Una parte estaba dedicada a cárcel de mujeres, y muchas de éstas tenían sus hijos pequeños con ellas. Era muy difícil darse cuenta clara de la topografía de la cárcel, porque todo el edificio se hallaba dividido con tabiques, que formaban rincones y pasillos, y en aquellos recovecos se desorientaba uno en seguida.
En la cárcel había mucha más gente que la que buenamente cabía en ella; faltaba luz y ventilación, y, sobre todo en el verano, no se podía respirar por el mal olor. Cuando entraban los magistrados de la Audiencia solían quemar incienso y plantas aromáticas.

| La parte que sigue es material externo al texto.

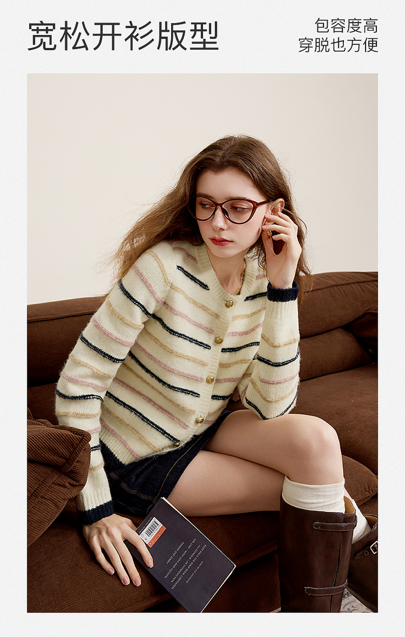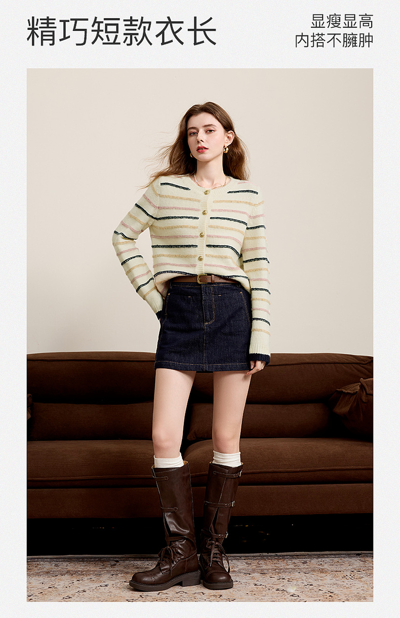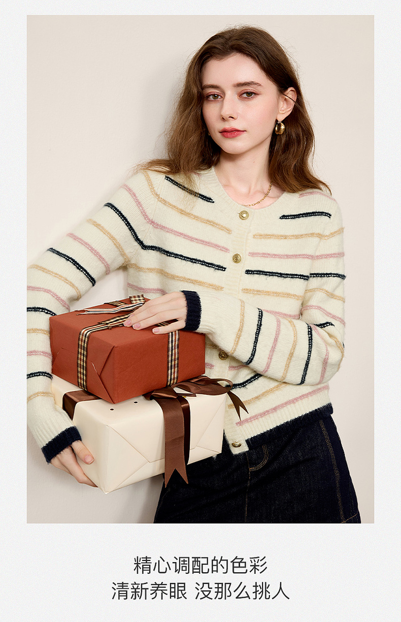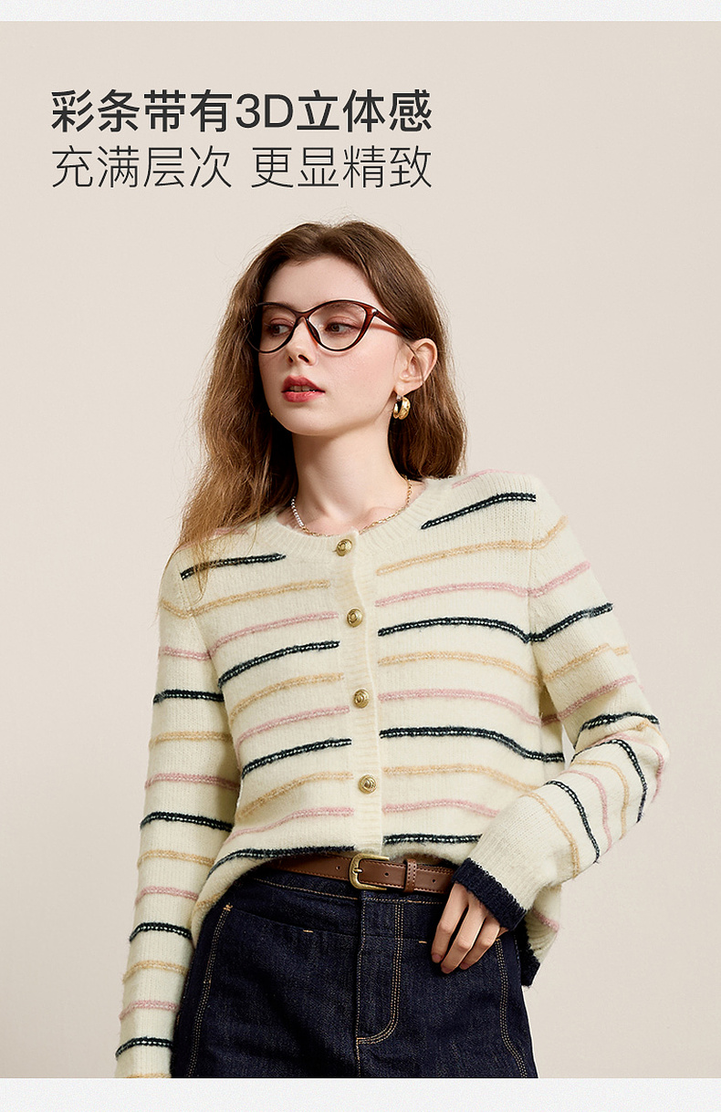 三彩2025春季新款条纹针织衫复古圆领毛衣开衫外套显瘦短款M

Los pobres lo pasaban horriblemente; muchos no tenían ropas ni mantas, y dormían en pleno invierno sobre el suelo, de piedra. Los alcaides solían arrendar los distintos servicios a pequeños industriales, que explotaban a los presos de una manera miserable.
El día de Jueves Santo se asomaban los presos a las rejas que daban a la plaza de Santa Cruz, y pedían limosna a los transeúntes, gimoteando y haciendo sonar sus cadenas.
El domingo y los días de fiesta los ladrones se exhibían en los patios de la cárcel y se daban tono. Había cantos, guitarreo y a veces riñas, en las cuales salían a relucir navajas y estoques.
Los empleados de la cárcel eran: un alcaide, un capellán, tres porteros, seis demandaderos, una demandadera, un llavero, un escribiente, un enfermero, un cocinero, un mayordomo, un médico y un cirujano. Los cuartos costaban: los de primera, siete reales al día; los de segunda, cuatro, y los de tercera, dos. La sección de políticos era más limpia y más cuidada que el resto. Yo tenía un cuarto bastante regular, con una mesa, una cama y una butaca. A los pies de la cama ponía cuatro cacharritos llenos de agua para que no subieran las chinches, porque a estos huéspedes no había manera de exterminarlos.
Al principio no quisieron dejarme tener libros, ni papel, ni tinta; pero luego, sí.
En los primeros días de cárcel, el alcaide me vigilaba de una manera molesta; no me permitía hablar con nadie sin estar él delante. Me trataba con gran consideración y me decía que no hacía mas que cumplir con su deber.
Don Paco, el alcaide, era uno de los mayores bribones de España: robaba a los presos y los explotaba de una manera inicua. Eso sí, lo hacía todo con una gran finura: no se le oía jamás un insulto o una palabra soez.